Pour mettre les modes de vie, et in fine notre modèle de développement, au cœur du débat, il convient d’affiner la compréhension que nous avons de leur évolution, des vecteurs de transformation vers la sobriété, des progrès technologiques mais aussi sociaux, culturels, organisationnels qui nous font changer… et qui nous donnent envie de changer. Il faut aussi asseoir l’analyse et les propositions sur des bases scientifiques et économiques afin de rassembler les acteurs, politiques, chercheurs, entreprises, ONG et citoyens.

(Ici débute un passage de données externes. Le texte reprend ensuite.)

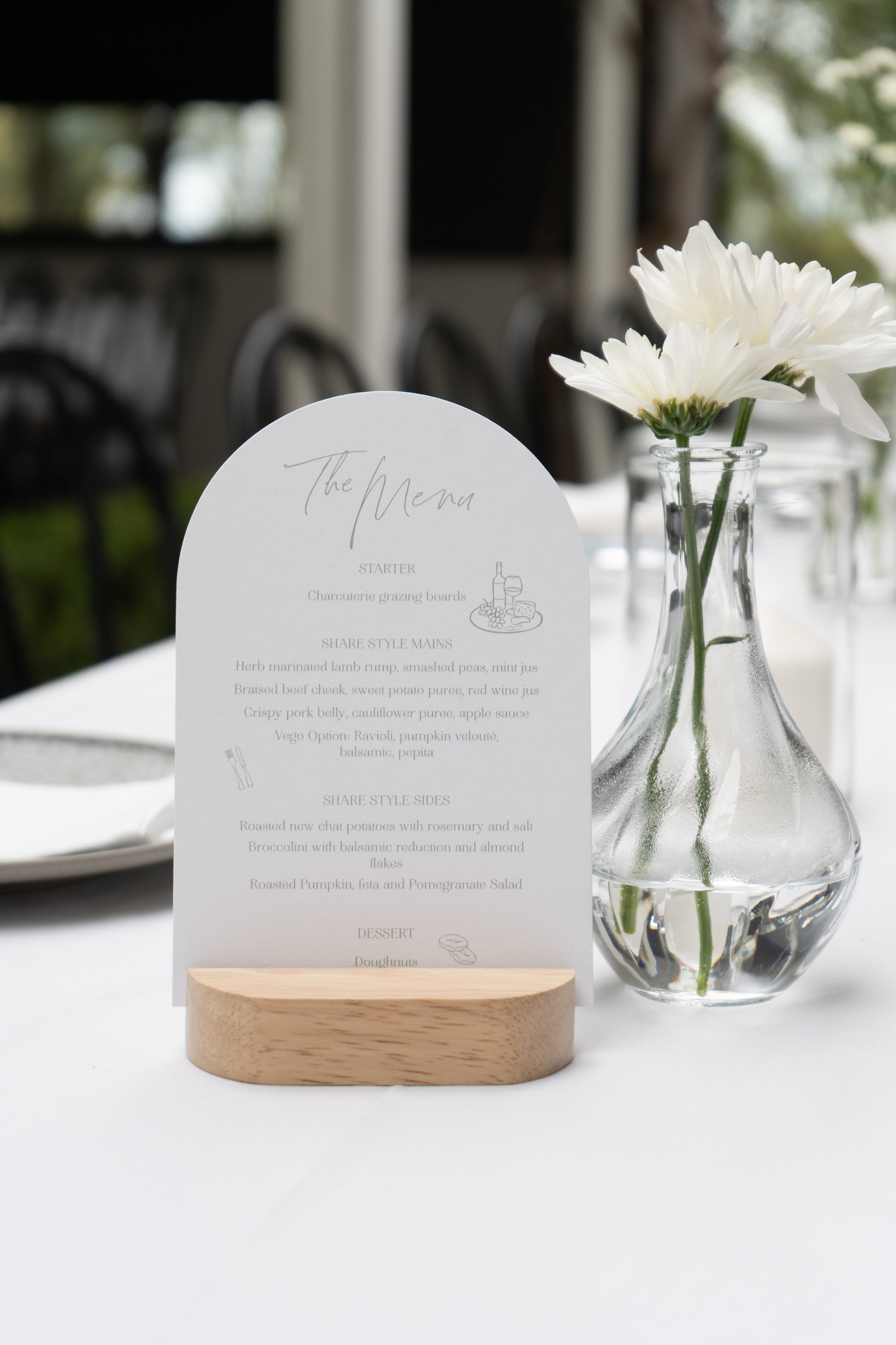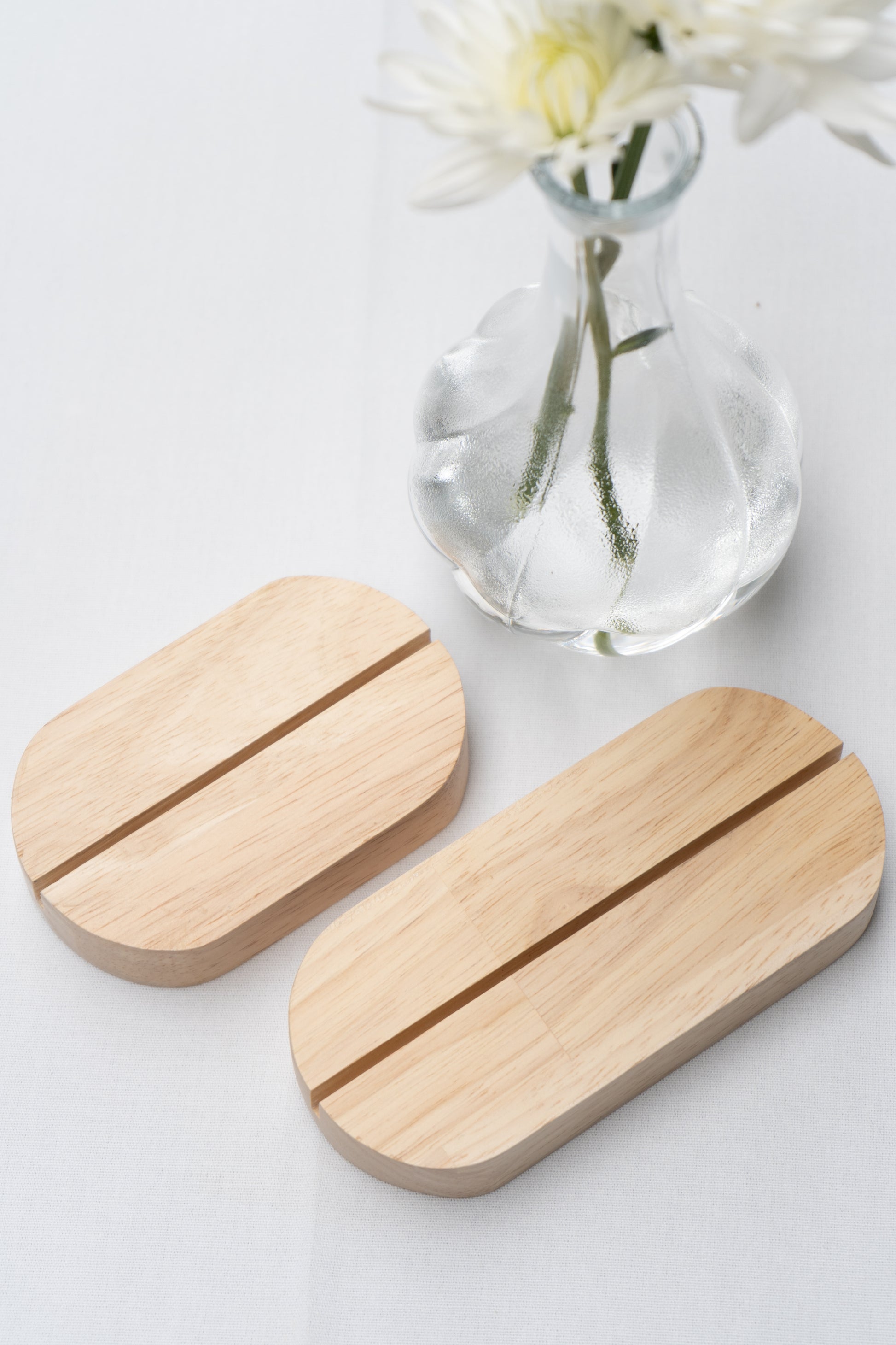 We have two size options for our white wood pill shaped holders. Small size: 7cm W, 11cm L, 2.5cm H, Medium Size: 7cm W, 14.5cm L, 2.5cm H. Both have a 3mm slit to fit 3mm acrylic or thinner cardstock.

  • Considérer les modes de vie dans leur globalité et dans leur diversité

Par « modes de vie », nous entendons ici la prise en compte de fonctions qui structurent notre quotidien : se loger, se déplacer, se nourrir, se vêtir, travailler, se divertir etc. Mais également des valeurs, représentations du monde et de soi qui nous traversent individuellement et qui nous rassemblent, avec leurs dimensions sociologiques, psychologiques et culturelles. Ces usages et valeurs sont conditionnés par un contexte nourri de politiques publiques, et plus généralement d’offres de biens et de services publiques et privées. Si les modes de vie interrogent les choix individuels des personnes, ils sont interdépendants d’un environnement collectif. Aussi, ce que nous entendons par modes de vie, ne se cantonne pas à la seule responsabilité individuelle et fait écho aux modes de faire, de produire et de mener les politiques publiques.

Par voie de conséquence, comme c‘est toujours le cas dans les changements majeurs de civilisation, les modifications des méthodes de production (agricoles, industrielles…) les évolutions technologiques, les transformations de l’organisation des activités productives, l’accès à de nouveaux moyens de transports et de communication transforment profondément aussi bien les mentalités, l’organisation économique et sociale que les structures politiques.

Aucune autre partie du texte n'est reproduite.